= Streams Method in Israeli education =

Historical education system in pre-State Israel

The Streams Method in Israeli education refers to the ideological and party-based division of the Jewish educational system in pre-state and early State of Israel periods. This system emerged in the 1920s under the British Mandate and continued until the passage of the State Education Law in 1953, which established a national educational framework. The principal streams were the Labor, General, and Mizrachi (Religious Zionist) streams. Following the establishment of the state, an additional Agudat Israel stream emerged to serve the ultra-Orthodox community. Certain institutions, such as Talmud Torah schools and Kol Israel Chaverim, maintained a non-partisan stance.

== History ==

During the British Mandate period, party-based education systems were introduced to promote specific ideological values alongside general education subjects. These values included Zionism, socialism, and religious identity. At that time, the absence of a centralized educational authority enabled political parties to operate their own school systems.

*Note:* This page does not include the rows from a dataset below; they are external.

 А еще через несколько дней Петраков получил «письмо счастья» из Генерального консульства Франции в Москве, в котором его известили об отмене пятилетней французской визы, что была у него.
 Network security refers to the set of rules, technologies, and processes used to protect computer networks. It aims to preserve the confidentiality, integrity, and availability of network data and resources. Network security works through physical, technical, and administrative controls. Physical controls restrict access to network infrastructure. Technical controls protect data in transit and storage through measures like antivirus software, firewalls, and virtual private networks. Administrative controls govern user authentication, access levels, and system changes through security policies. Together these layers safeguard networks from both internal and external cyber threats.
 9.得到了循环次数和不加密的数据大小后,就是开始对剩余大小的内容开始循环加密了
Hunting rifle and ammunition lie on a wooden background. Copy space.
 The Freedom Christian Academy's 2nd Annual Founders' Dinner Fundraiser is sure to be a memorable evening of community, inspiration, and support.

Several organizations, including Hapoel, Beitar, Haganah, Irgun, and Lehi, supported the dissemination of these ideological educational frameworks through extracurricular activities and youth movements.

== Streams ==

Each educational stream developed distinct teacher training programs and curricular frameworks, reflecting its ideological foundations.

=== General Stream ===

By 1948, the General Stream educated approximately 50.2 percent of Jewish students. This stream was aligned with General Zionist ideology and aimed to provide a national-traditional education accessible to all ethnic and religious groups. Its curriculum emphasized scientific progress and promoted inclusivity and national unity.

=== Labor Stream ===

Established in 1923, the Labor Stream served about 27.8 percent of Jewish students by 1948. Affiliated with the General Federation of Labor, it emphasized Zionist-socialist values. The stream focused on cultivating independent, pioneering citizens through educational and communal institutions such as kibbutzim.

=== Mizrachi Stream ===

Founded by the Mizrachi movement, the Mizrachi Stream combined Orthodox religious education with Zionism and elements of modernism. It educated around 22.5 percent of Jewish students by 1948 and was supported by parties including Hapoel HaMizrachi. Over time, its influence declined due to secularization trends and efforts toward standardized education reforms.

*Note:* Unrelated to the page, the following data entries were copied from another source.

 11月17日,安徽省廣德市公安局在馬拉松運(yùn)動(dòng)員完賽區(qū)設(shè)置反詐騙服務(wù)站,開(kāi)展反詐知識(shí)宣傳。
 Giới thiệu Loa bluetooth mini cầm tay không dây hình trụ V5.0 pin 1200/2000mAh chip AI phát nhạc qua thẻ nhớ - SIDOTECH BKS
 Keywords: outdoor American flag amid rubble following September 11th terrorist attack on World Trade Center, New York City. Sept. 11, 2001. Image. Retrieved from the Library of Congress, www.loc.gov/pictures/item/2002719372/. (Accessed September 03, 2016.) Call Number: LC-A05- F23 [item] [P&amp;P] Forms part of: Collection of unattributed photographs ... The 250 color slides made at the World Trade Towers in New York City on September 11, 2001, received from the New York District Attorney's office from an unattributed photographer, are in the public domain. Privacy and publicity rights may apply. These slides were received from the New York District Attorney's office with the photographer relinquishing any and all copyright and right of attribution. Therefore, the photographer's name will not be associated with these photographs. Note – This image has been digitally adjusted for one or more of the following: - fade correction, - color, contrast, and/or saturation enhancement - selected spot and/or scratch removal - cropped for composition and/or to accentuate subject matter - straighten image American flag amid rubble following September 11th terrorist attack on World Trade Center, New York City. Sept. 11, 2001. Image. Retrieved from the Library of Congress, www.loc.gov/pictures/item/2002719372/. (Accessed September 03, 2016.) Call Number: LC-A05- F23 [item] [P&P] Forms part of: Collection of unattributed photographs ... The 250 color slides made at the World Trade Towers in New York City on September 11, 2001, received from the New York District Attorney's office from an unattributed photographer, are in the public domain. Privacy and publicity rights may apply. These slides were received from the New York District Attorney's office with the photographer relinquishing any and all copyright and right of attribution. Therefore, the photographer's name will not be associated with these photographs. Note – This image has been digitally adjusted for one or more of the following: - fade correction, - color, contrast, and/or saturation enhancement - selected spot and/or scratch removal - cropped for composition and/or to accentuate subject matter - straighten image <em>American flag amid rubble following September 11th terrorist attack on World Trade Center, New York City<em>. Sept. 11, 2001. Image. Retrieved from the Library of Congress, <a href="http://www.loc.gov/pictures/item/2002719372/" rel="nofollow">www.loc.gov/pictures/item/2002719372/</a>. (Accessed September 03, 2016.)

=== Agudat Israel Stream ===

Recognized officially in 1948, the Agudat Israel Stream served the non-Zionist ultra-Orthodox population. Under the Status Quo agreement, this stream was granted considerable autonomy with minimal state curricular oversight. Led by figures such as Rabbi Yitzchak Meir Levin, it played a key role in integrating religious education into the national system.

== Abolition of the Streams and the Introduction of State Education ==

Following the establishment of the State of Israel, the 1949 compulsory education law mandated school attendance for all children aged five to thirteen. However, disagreements regarding the balance between secular and religious content delayed consensus on a unified education system. Secular parties such as Mapai advocated for a common framework, while religious groups opposed what they perceived as encroachments on religious autonomy.

These tensions contributed to the resignation of David Ben-Gurion and the collapse of his second government.

The State Education Law passed on 12 August 1953 unified the General and Labor streams, institutionalized the Mizrachi stream as the official state religious stream, and preserved limited autonomy for the Agudat Israel stream.

== Legacy ==

Although the formal stream system was abolished, ideological divisions continue to influence Israeli education. Variations in school affiliations, curricula, and state funding reflect the historical foundations established by the original streams.